Они вошли в здание вокзала и стали подниматься по лестнице. Следовавший позади Котомичи произнес:
– Харусаме ни нурецуцу яне но темари кана…
– Что это? – спросил Бэйнс у Тагоми.
– Старинное стихотворение, – пояснил Тагоми. – Хайку[19] середины эпохи Токугава. «Идет весенний дождь, и на крыше мокнет детский мячик».
Глава 4
Уиндэм-Мэтсон проковылял по коридору и скрылся в цехе «Корпорации У-М». Провожая его взглядом, Фрэнк подумал, что его бывший хозяин вовсе не похож на капиталиста. Легче принять его за бродягу, горького пьяницу, которого вымыли, побрили, причесали, одели с иголочки, накачали витаминами, дали пять долларов и велели начать жизнь сызнова. Хозяин всегда прибеднялся, ловчил, суетился, заикался перед каждым встречным и даже старался ублажить, будто видел в нем возможного врага. Манерой держаться он как бы говорил: «Все норовят меня, бедолагу, обидеть».

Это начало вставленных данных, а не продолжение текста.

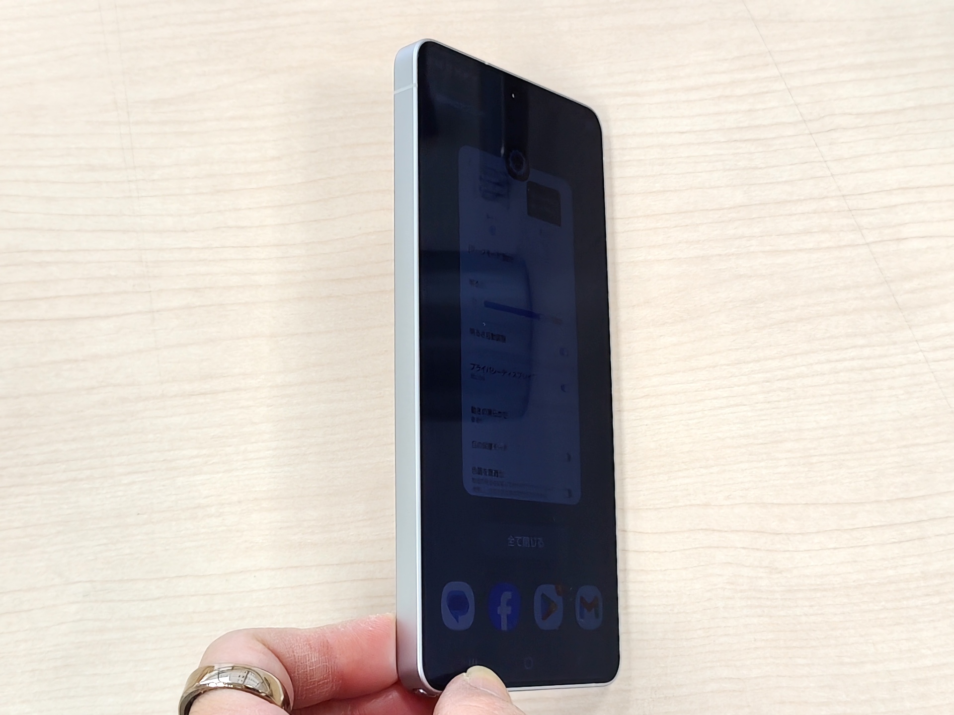 一方、新機能として「プライバシーディスプレイ」を搭載しており、プライバシーディスプレイをONにすると斜めから見えにくくなります。単に斜めから見えにくくするだけなら過去にもシャープの「ベールビュー」機能のほか、画面保護フィルムで覗き見防止を謳った製品がありましたが、Galaxy S26 Ultraのプライバシーディスプレイは画面全体だけではなく、通知部分のみや特定のアプリのみを見えにくくすることも可能です。

На самом деле старина У-М был куда солиднее, чем казался с виду. Он контролировал несколько предприятий, играл на бирже, приторговывал недвижимостью.
Фрэнк двинулся за ним следом, отворил большую металлическую дверь и шагнул навстречу грохоту машин, ставшему привычным за многие годы; его окружали люди и механизмы, сверкала электросварка, в воздухе висела пыль. Фрэнк ускорил шаг, догоняя бывшего хозяина.
– Эй, мистер У-Эм! – позвал он.
Уиндэм-Мэтсон остановился возле человека с волосатыми руками; его звали Эд Маккарти, он был мастером цеха. Оба повернулись к Фрэнку.
– Прости, Фрэнк, – произнес Уиндэм-Мэтсон, нервно облизывая губы. – Мне и в голову не приходило, что ты можешь вернуться после всего, что наговорил. Но теперь ничего не поделаешь – твое место занято.
Его черные глаза так и бегали. «Это наследственное, – подумал Фрэнк. – Изворотливость у него в крови».
– Я пришел за инструментами, – произнес Фрэнк, с удовольствием слушая свой уверенный голос. – Больше мне ничего не нужно.
– Ну что ж, забирай, – промямлил Уиндэм-Мэтсон с сожалением. Видимо, он еще не думал о возможности прибрать к рукам инструменты Фрэнка. И – к Маккарти: – Кажется, это по твоей части, Эд? Разберись с Фрэнком, ладно? У меня дел по горло. – Он глянул на карманные часы. – Слушай, Эд, мы с тобой обсудим наши дела после. Мне надо бежать. – Он похлопал Маккарти по плечу и, не оглядываясь, затрусил прочь.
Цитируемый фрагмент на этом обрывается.